We can be super meticulous in keeping the rules, yet we don’t become the kind of people God is calling us to become. We ‘miss the mark,’ which is what one of the words used in the Bible for ‘sin’ literally means. We can become so mired in the details of religion, that we miss the big picture of what God has in mind, what is on God’s heart. 

Jesus is not giving us new rules in his teaching, but rather is deepening our understanding of the kind of people God is looking for us to become. Continuing on in Jesus’ Sermon on the Mount, God is calling each of us to become . . .

  • the kind of person who does not blow their top at others. (See verses 21,22)
  • the kind of person who always seeks reconciliation, who seeks to have good relationships. (See verses 23-26)
  • the kind of person who gives their best to their spouse, in devotion and faithfulness. (see verses 27-32)
  • the kind of person who does not objectify others. (see again verses 27,28)
  • the kind of person who is honest and walks in integrity. (see verses 33-37)
  • the kind of person who handles offence with generosity. (see verses 38,39)
  • the kind of person who goes above and beyond in relationships, who goes above and beyond in making things right, who goes above and beyond in helping someone in need, who is generous, and who serves others. (See verses 40-42)
  • the kind of person who loves people like God loves people. (See verses 43-48)

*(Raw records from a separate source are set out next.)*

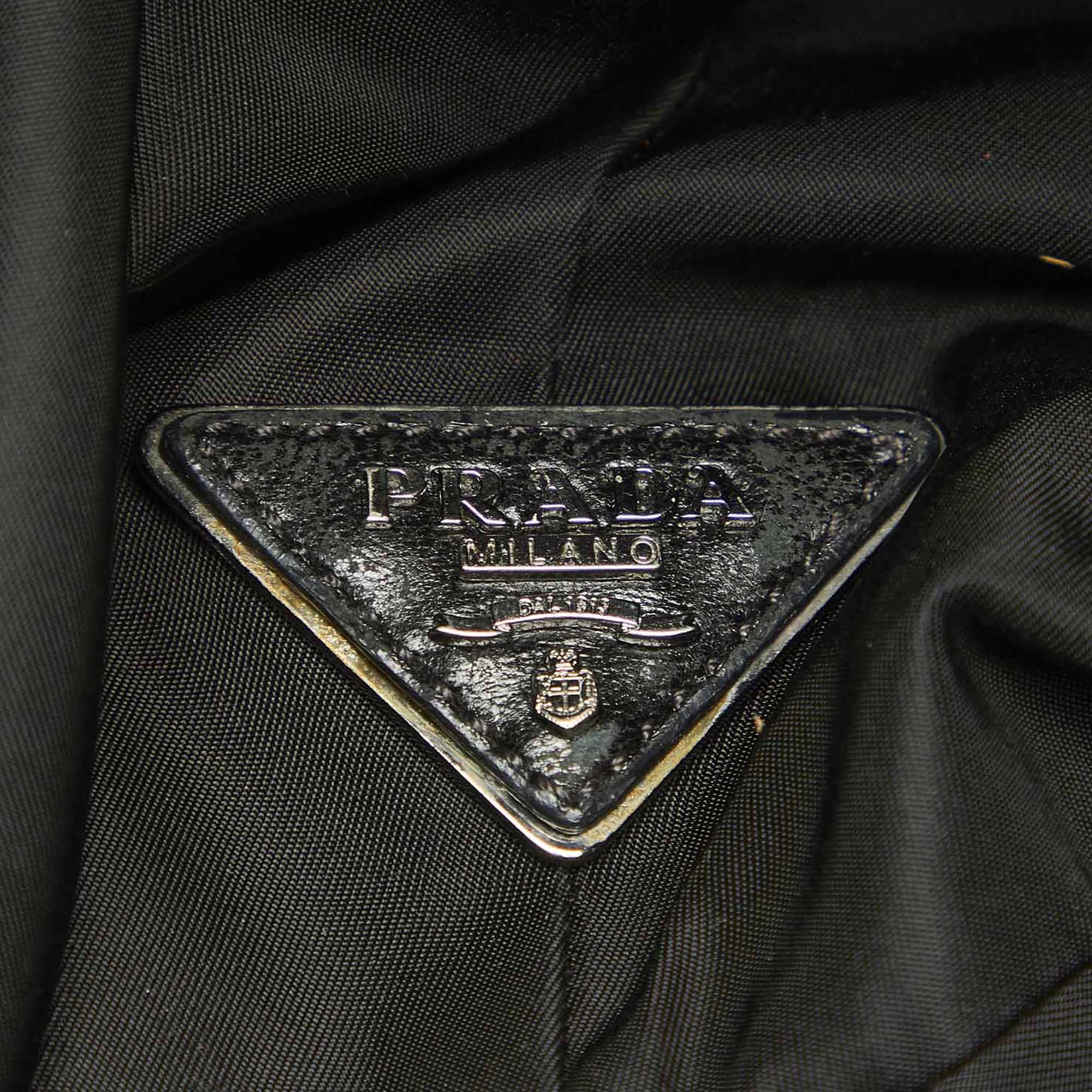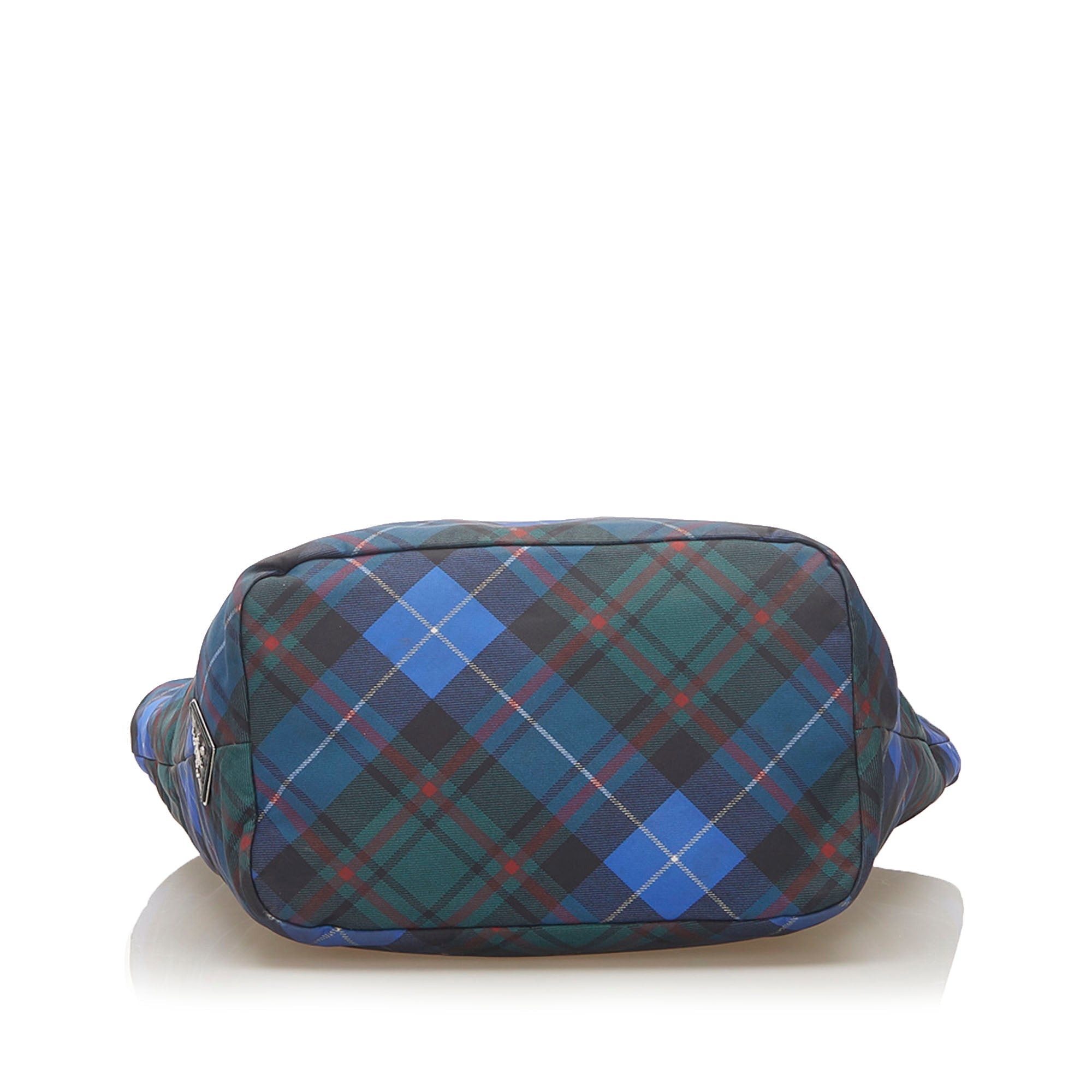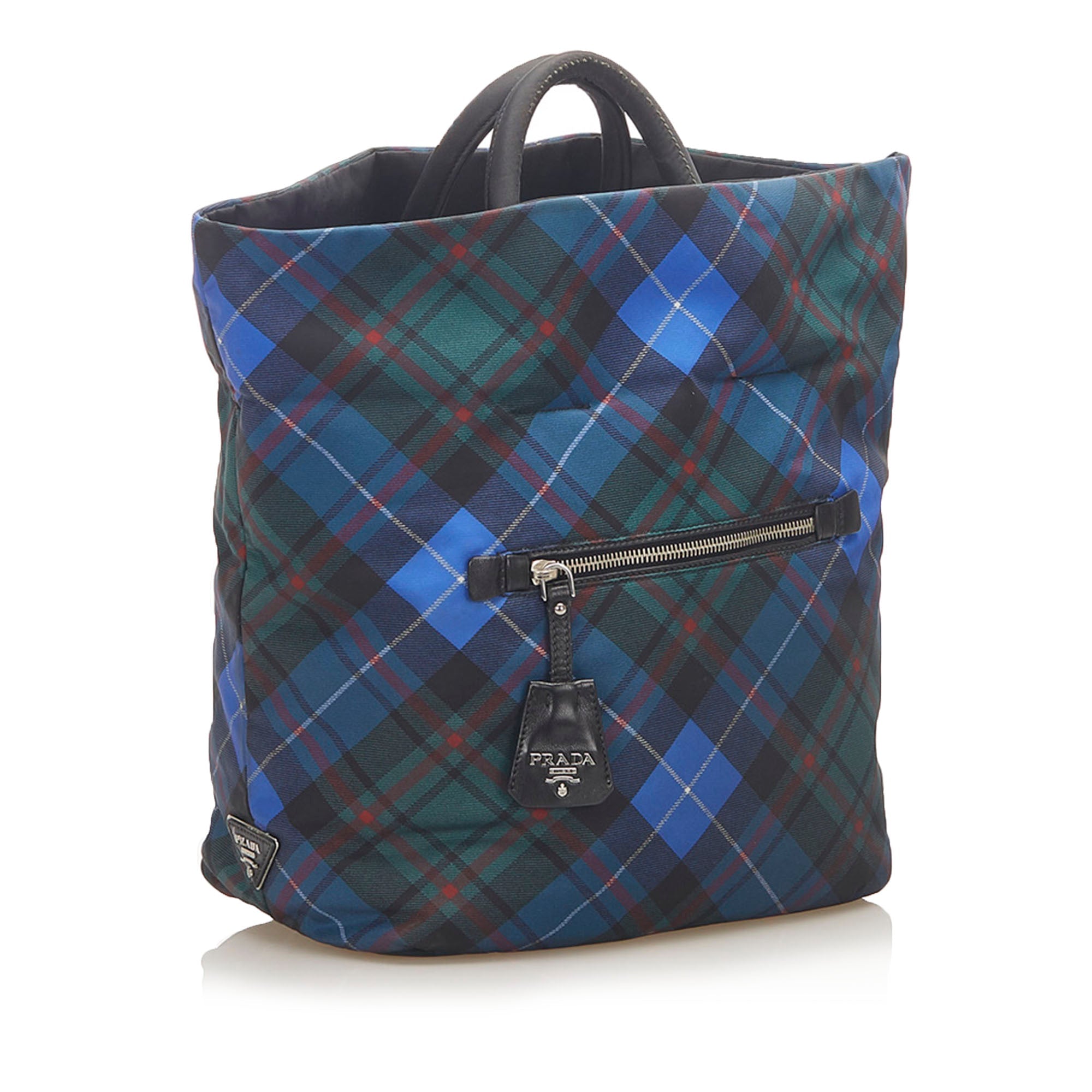 Product Details: Blue Prada Tessuto Reversible Tote Bag. This tote bag features a nylon body, rolled handles, an open top, and an interior zip pocket. 12.2″ L x 15.7″ W x 7.1″ D.
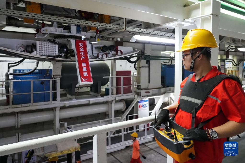 2月28日,施工人員在廣湛鐵路湛江灣海底隧道盾構區間操作吊機。
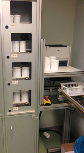 The system combines an efficient storage/inventory system of bulk ingredients in cassettes (up to several hundred), bulk prescription bottles, a high-speed robotic arm, and software to control the inventory and mixing of each prescription. The TCM robotic arm selects the right size bottle and calculates the correct selection and amount of ingredients, by ultra-precise weighing. Then the robotic arm brings the bottle to each of the necessary ingredient cassettes and dispenses exact measurements one after the other until the mixture is completed. The robotic arm delivers the bottle to a barcoded tote, for the final inspection.
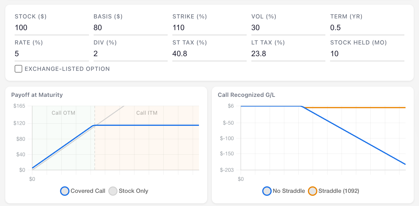 A covered call is a great toy for understanding the straddle rules, so I built a little visualizer to show how it all works.
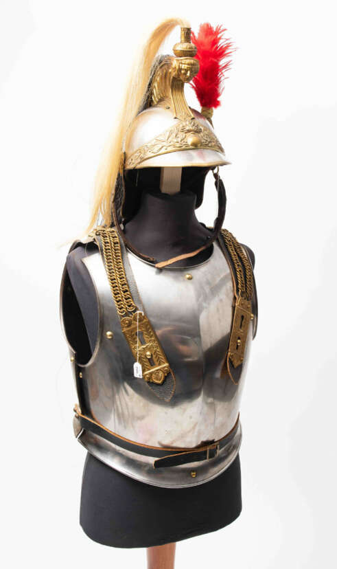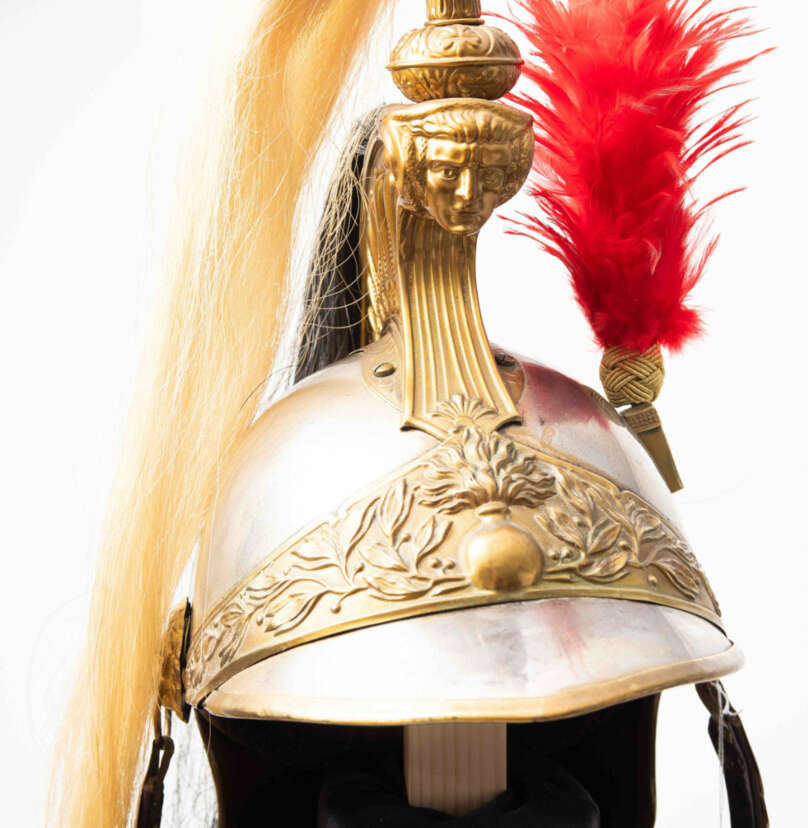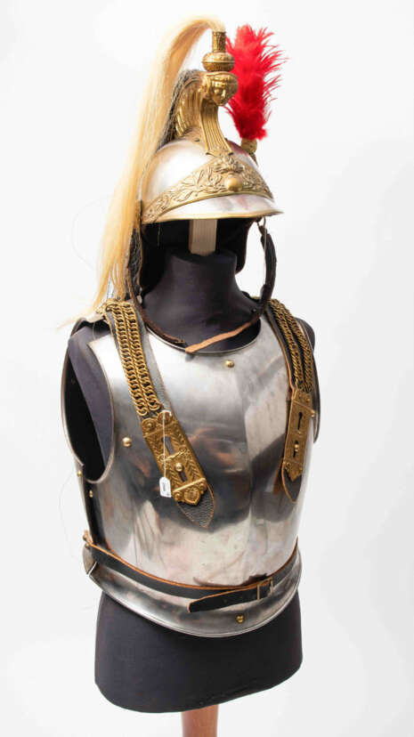 Frankreich, Helm M 1872, Unteroffizier. Harnischbrust und Rücken M 1855, dat. 1892, eines Kürassier-Offiziers. Helm mit Stahlblechglocke und im Empire-Stil verzierter Messinggarnitur. Stirnemblem mit explodierender Granate zwischen Lorbeerranken. Helmschmuck in Form eines schwarzen und eines weissen Rossschweifs. Innenseite mit originaler Belederung. H 28 cm. Blanke Harnischbbrust aus Eisen mit Ziernieten aus Messing. Innenseite sign. "Manufacture de Chat(ellerault) Xbre 1892 3ième taille largeur extra No. 1 Officier". Rücken aus weniger starkem Material, innen identisch signiert. Gut erhaltene Schulterketten mit Löwenmascarons und laubverzierten Verschlussblechen. Belederung wohl ergänzt. H 40 cm.
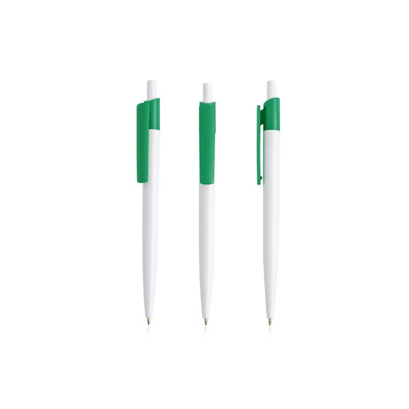 Bolígrafo en ABS reciclado. Un bolígrafo reciclado, de diseño moderno, con clip ancho de color y cuerpo blanco. Este bolígrafo con sistema de pulsación tiene escritura azul. Ver también color de la versión de carrocería 131542.
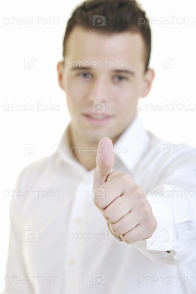 Молодой деловой человек показывает знак "отлично"
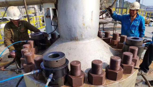 如果電壓沒有問題,電動超高壓泵站的額定最大壓力為150MPa,而泵站卻只能打到120MPa。出現(xiàn)這種情況我們基本就可以斷定是泵站或者液壓螺栓拉伸器內部出現(xiàn)了泄漏?梢詥为毚驂号挪槭潜谜具是螺栓拉伸器出現(xiàn)了泄漏。如果不連接螺栓拉伸器泵站壓力沒有問題,那就是螺栓拉伸器密封泄露,需要更換內部密封。如果單獨打壓泵站還是無法升到最大壓力,那么就可以確定為泵站泄漏。依次檢查調壓閥、截止閥閥芯是否磨損需要更換。如果調壓閥、截止閥沒有問題,那就是泵站內部出現(xiàn)了泄漏,需要聯(lián)系設備廠家進行檢測維修。
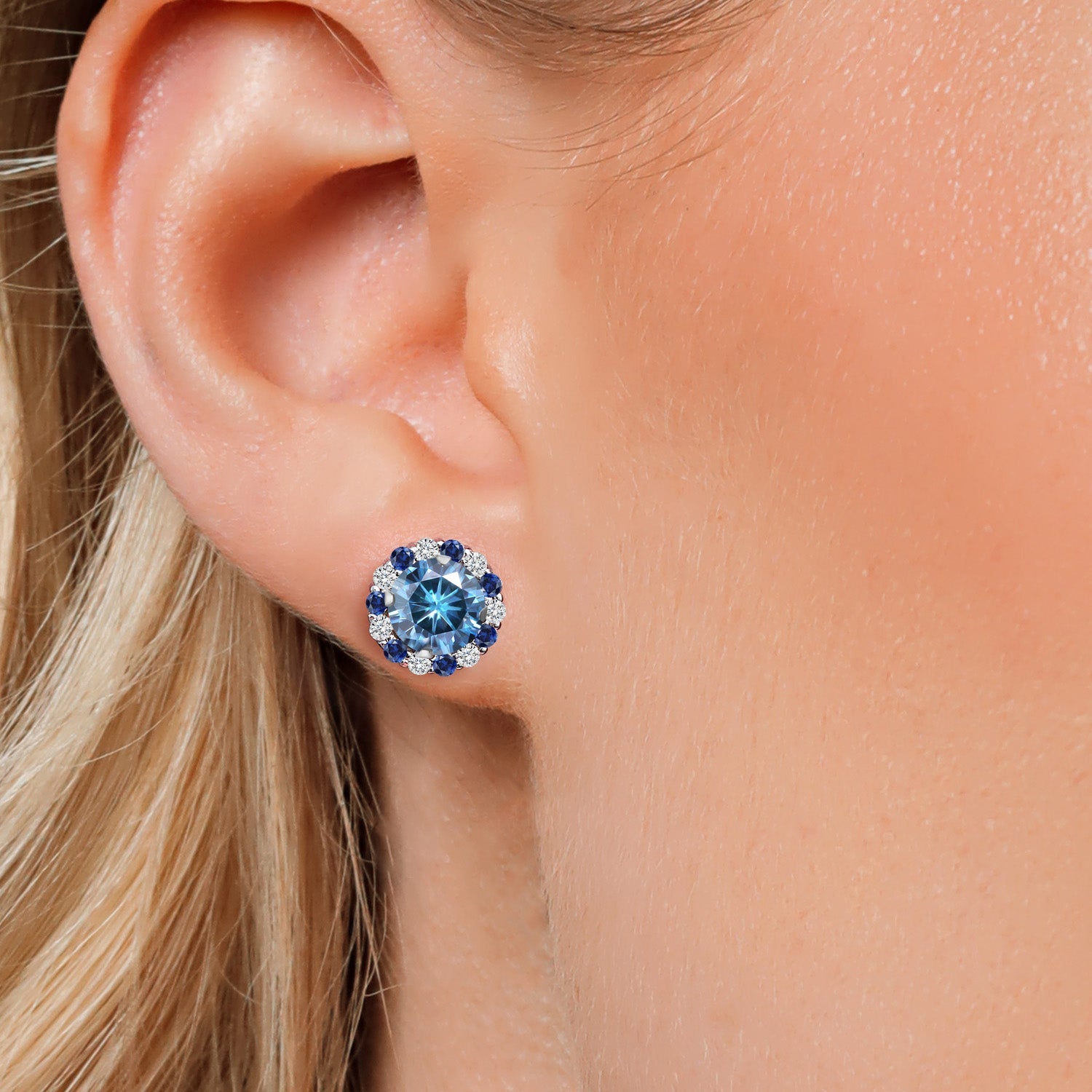 CUSTOMIZABLE GEMSTONE ELEGANCE: Featuring 6MM round gemstone birthstones of your choice, these earrings offer a personalized touch. Surrounded by sparkling 1.3MM round white and blue zirconia, each piece showcases dazzling brilliance, perfect for gifting or self-expression. Ideal for birthdays, anniversaries, or everyday wear, these earrings blend beauty with versatility.

Jesus is that kind of person! Jesus calls you to be that kind of person. It is not about the rules. It is about you and the kind of person you are.

Suppose you adopt a dog, and the adoption agency asks you to agree to a set of rules. You commit to walking the dog, feeding the dog, watering the dog, and keeping up with medications. You could keep all those rules, yet still be an awful dog owner. There is something lacking in the relationship, like; affection, time spent, and playfulness. Something is missing – you are! Your heart is not in it, and the dog knows that. That can happen with a strict rule-focused style of Christianity. Something is missing – you are! The rules are there because they will help the dog stay healthy. However, the dog needs more than your performance of the rules, the dog needs you. The dog needs you to be a certain kind of dog owner. My wife and children need more than my attention to the rules. They need me. They need me to be the kind of person who is an engaged husband and father. The people in our lives need more than scribes or Pharisees who can quote Scripture from memory. They need us! They need us to be the kind of people God is calling us to be, the kind of people God is helping us to become.

To change to an analogy from sports; God, the coach, is not looking for players who are fanatical about the rules. He is looking for players who score goals while being respectful of the rules. He wants people who are engaged in His Kingdom purposes in the world. The best way to keep the rules is live alone and stay at home. If we are followers of Jesus, we will follow him into the world where being the kind of person God is calling us to become will make a difference in the lives of others.

Our aim is to be Christ followers. Our aim is not to become Christian Pharisees. We want to be followers of Jesus, not scribes & Pharisees who have traded in Jewish rules for Christian ones, yet have still missed the mark. If we do that, then our righteousness has not surpassed that of the scribes and Pharisees, it is really no different.

We can be fanatical about the commands of Jesus yet miss the mark. When we lean into the teaching of Jesus, we see the kind of people God is calling us to become. When God leans into us, through the power of the Holy Spirit, we become that kind of people.